The Lady is one of Britain's longest-running women's magazines. It has been in continuous publication since 1885 and is based in London. It is particularly notable for its classified advertisements for domestic service and child care; it also has extensive listings of holiday properties.

History and profile
The magazine was founded by Thomas Gibson Bowles (1842–1922), the maternal grandfather of the aristocratic and controversial Mitford sisters. Bowles also founded the English magazine Vanity Fair.

Bowles gave the Mitford girls' father (David Freeman-Mitford, 2nd Baron Redesdale) his first job: general manager of the magazine. Early contributors included Nancy Mitford and Lewis Carroll, who compiled a puzzle for the title.
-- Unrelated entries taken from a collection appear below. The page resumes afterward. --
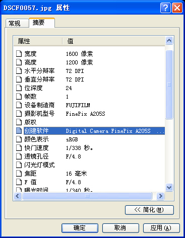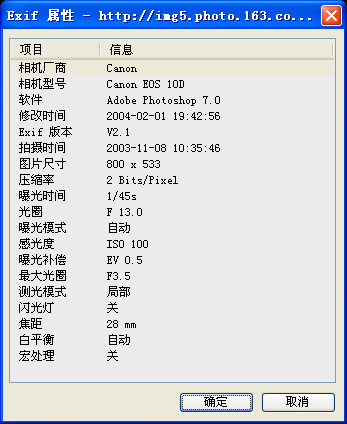 注意:用图像处理软件编辑过的数码相片有可能会丢失其Exif信息。
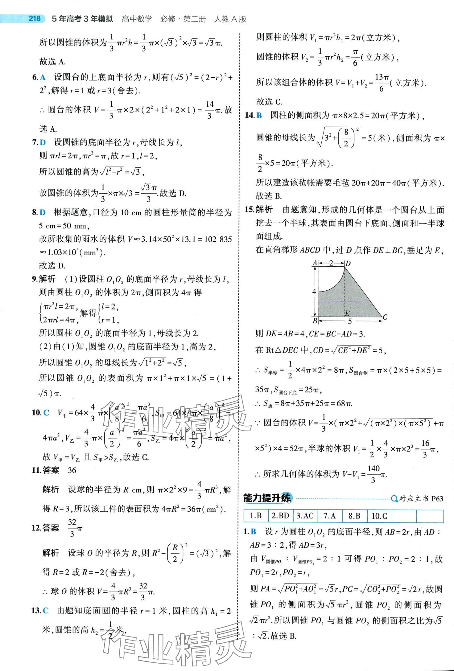 注:目前有些书本章节名称可能整理的还不是很完善,但都是按照顺序排列的,请同学们按照顺序仔细查找。练习册 2024年5年高考3年模拟高中数学必修第二册人教A版 答案主要是用来给同学们做完题方便对答案用的,请勿直接抄袭。
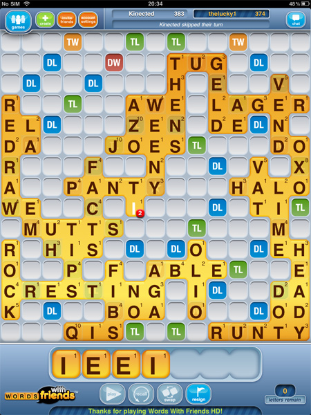 I’ve jumped on the Words with Friends bandwagon and it’s as addicting as I had expected (very). I seem to win about 50% of the time.

In November 2008, Bowles' great-grandson, Ben Budworth, took the reins as publisher on behalf of the family and set about modernising its style. As part of this process, Budworth appointed Rachel Johnson as the magazine's ninth editor in September 2009. She took over from Arline Usden who became an editor at large. A Channel 4 programme, The Lady and the Revamp, screened in March 2010, followed the new editor in her quest to raise awareness of the magazine and increase circulation. Johnson's axing of The Lady Laughs, a cartoon series by Patricia Drennan that ran from 2000 to 2009, led to complaints by readers. In response, Johnson would reply with old issues of the magazine to show how bland it historically had been.
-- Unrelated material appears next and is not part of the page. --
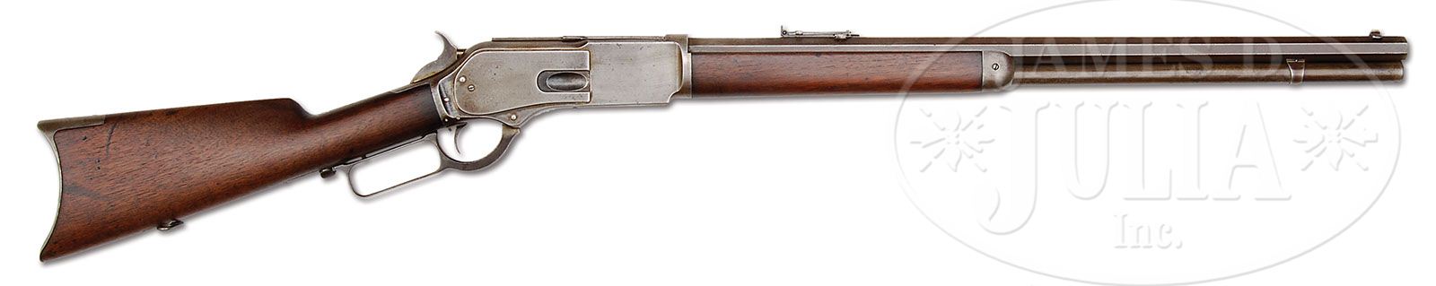 VERY RARE WINCHESTER MODEL 1876 “1 OF 1000” LEVER ACTION RIFLE. SN 4772. Cal. 45-75. Very rare “1 of 1000″ with 24-1/4” oct bbl, full magazine, half nickel front sight and “1876” marked ladder rear sight. Top flat of bbl, in front of receiver, is marked “1 of 1,000”. Receiver is early 2nd type with screwed on dust cover rail and impressed thumb print dust cover and a sgl set trigger. Mounted with uncheckered straight grain American walnut with straight stock and crescent buttplate with trap. Left side of lower tang has the assembly number “49” followed by a faint second assembly number “140” and “XXX”. Assembly #49 is found in top tang channel of buttstock and inside toe of buttplate. Buttstock has factory sling swivel with the corresponding sling swivel in forend cap missing. Accompanied by a packet of correspondence between the then owner, Mr. Alfred H. Wardle, and Mr. T.E. Hall, the Curator of the Winchester Museum. There is also correspondence between Mr. Wardle and George Madis, author of The Winchester Book. Additionally there is correspondence between Mr. Wardle and R.L. Wilson, author of Winchester The Golden Age of American Gunmaking and The Winchester 1 of 1000. Mr. Wardle reports that he discovered this rifle in Norwich, NY in the 1960s and it has remained in his possession until being consigned to this auction. This rifle is pictured on p. 117 of Mr. Wilson’s book listing its history with credit to the Alfred H. Wardle Collection. This rifle is also pictured on p. 244 of the 1985 printing of The Winchester Book and also on p. 101-102 in the newly published book “Winchester 1 of 1000 and 1 of 100 Rifles” by Dr. Ed Lewis. This rifle was received in stock at the Winchester Factory on June 10, 1878 as a “1 of 1,000″ rifle with 26″ oct bbl, full magazine, case hardened receiver, checkered straight fancy stock with set trigger. It was apparently shipped to J. Skinker, the Winchester West Coast representative and returned by him in May of 1881 for re-work. The orig bbl was replaced with the currently installed 24” octagonal bbl and restocked with standard wood and factory sling & swivels. It was then returned to stock and shipped again on Nov. 14, 1882. According to Mr. Wilson’s “1 of 1000” book, in the chart on p. 110, there were only two 1876 “1 of 1000″ rifles produced with 24” bbl, the least of all fifty-one “1 of 1000” 1876 rifles produced. This one is also special in that it is not engraved. CONDITION: Good to very good. No orig finish remains with the bbl being a medium to dark plummy brown patina and the magazine tube a light plum patina; receiver is a cleaned gray metal patina and the lever & hammer are dark patina. Wood is sound with a few light nicks & dings and retains most of a lightly sanded oil finish. Mechanics are fine, strong bore, dark & lightly pitted in the grooves. 4-46160 (50,000-70,000)

Matt Warren was appointed the tenth editor in January 2012. In November 2013, he was named Editor of the Year (Women's Brand Weekly or Fortnightly) by the British Society of Magazine Editors. In 2014, he was Highly Commended in the Editor of the Year category at the PPA Independent Publisher Awards. The magazine specialises in quirky, entertaining and informative features and quality writing.

Sam Taylor became the magazine's eleventh editor in August 2015. Under her editorship, the magazine has been shortlisted for multiple awards, including PPA Cover of the Year (2016), PPA Cover of the Year 2017  and BSME Cover of the Year 2018. Sam Taylor was shortlisted for Editor of The Year, Women's Brand 2016 at the BSME awards. 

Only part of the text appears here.